Researchers Find Intimate Partner and Sexual Violence Prevalent Among Male Trauma Center Patients

One out of every six men who present to trauma centers is a survivor of some form of violence, with one in 20 having experienced both intimate partner and sexual violence (IPSV), according to a study by researchers at the University of Miami Miller School of Medicine and four other institutions.

In addition, men affected by penetrating trauma were slightly more likely than women to screen positive for IPSV, which in turn was associated with increases in rates of mental illness, substance abuse and trauma recidivism.

The findings were reported in a recent article in The Journal of Trauma and Acute Care Surgery.

Tanya L. Zakrison, M.D., M.H.Sc., M.P.H., associate professor in the DeWitt Daughtry Family Department of Surgery’s Division of Trauma and Surgical Critical Care at the Miller School, was the instigator of the research and first author of the study.

“I remember taking care of a young man several years back,” she said. “He was in his early 20s, but he looked so small and so very sad. This patient had just had a dispute with his girlfriend, who had ended their relationship. He came to our trauma center because of a self-inflicted stab wound. I remember wondering how often we saw trauma patients — both male and female — as a direct or indirect result of intimate partner violence.”

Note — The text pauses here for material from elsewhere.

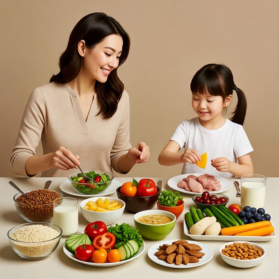An Asian mother and young daughter sit at a table filled with a colorful variety of healthy foods including vegetables, fruits, grains, meats, and dairy. The mother uses chopsticks to pick up salad while the smiling girl holds a yellow fruit slice. The beige background highlights the nutritious meal spread across multiple plates and bowls.

Zakrison and her colleagues, with the support of on-staff social workers, then began universal screening of all patients — regardless of gender, age, background or mechanism of presenting injury — to understand how often they had experienced intimate partner violence. They quickly expanded their questioning to include a screen for sexual violence.

“We were blown away by the results,” said Zakrison. “We found that 14 percent of our overall sample of trauma patients at Jackson Memorial Hospital’s Ryder Trauma Center screened positive for intimate partner violence, with 8 percent screening positive for sexual violence, with no statistically significant difference in the rate between men and women. We quickly decided to expand to a multi-center trial, adding trauma centers in California, Florida, Georgia and Texas, and found similar results — that intimate partner and sexual violence is prevalent in all trauma patients.”

Those findings were reported in an article in the same journal in 2017.

For the most recent study, the researchers focused on men as a subgroup.

“We are not aware of any male-only studies in the United States on intimate partner violence in the trauma population, or the associated sequela of such violence,” said Zakrison. “Our objective was to perform a subgroup analysis of our affected male cohort, as this remains an understudied and neglected group in the trauma literature. One reason is that IPSV is generally underreported by men due to issues of shame. A 52-year-old male survivor of sexual violence in our study told us, ‘Not even my wife knows.’”

The researchers compiled and analyzed statistics related to the 1,281 men of the 2,034 patients who were admitted to four participating level-1 trauma centers over the course of 12 months. Of this cohort, 9.3 percent screened positive for intimate partner violence, 14.1 percent for IPSV, and 6.5 percent for sexual violence in the previous 12 months. A categorical analysis of the HITS (Hurts, Insults, Threatens, Screams) screen found the percentage of men who were physically hurt was actually higher than for women at 4.8 percent, compared with 4.3 percent, respectively. The total proportion of men who presented with any history of intimate partner violence, sexual violence or both (IPSV) was 15.8 percent, or more than one out of every six men.

“We know that intimate partner violence is bidirectional, at times affecting both partners in a relationship,” said Zakrison. “We postulate, however, with regards to the association with penetrating trauma, that it is possible that men who experience shaming, in particular, tend to have this rebound engagement in perceived hyper-masculine activities such as firearm-related violence, leading to societal-level violence. We feel it may lead to multidirectional violence, not just bidirectional.”

Both studies were supported by EAST, the Eastern Association for the Surgery of Trauma, the largest trauma surgery organization in the United States. Earlier this year, prior to the current paper’s publication, Zakrison won the Cox-Templeton Injury Prevention Paper Competition at EAST’s 31st Scientific Assembly in Lake Buena Vista, Fla., for this novel work.
Zakrison’s Miller School co-authors were Rishi Rattan, M.D., Xiomara Ruiz, M.D., David Turay, M.D., Ph.D., Nicholas Namias, M.D., M.B.A., Dante Yeh, M.D., and Daniel Pust, M.D. Additional co-authors were investigators at Hospital Universitario General Calixto García and Instituto de Ciencias Medicas at la Universidad de la Habana in Cuba, Emory University School of Medicine in Atlanta, Loma Linda University and Medical Center in Loma Linda, Calif., and UT Southwestern Medical Center and Parkland Memorial Hospital in Dallas.

Future studies will explore the connection between male intimate partner violence and homicide, shaming, toxic masculinity and firearm-related violence.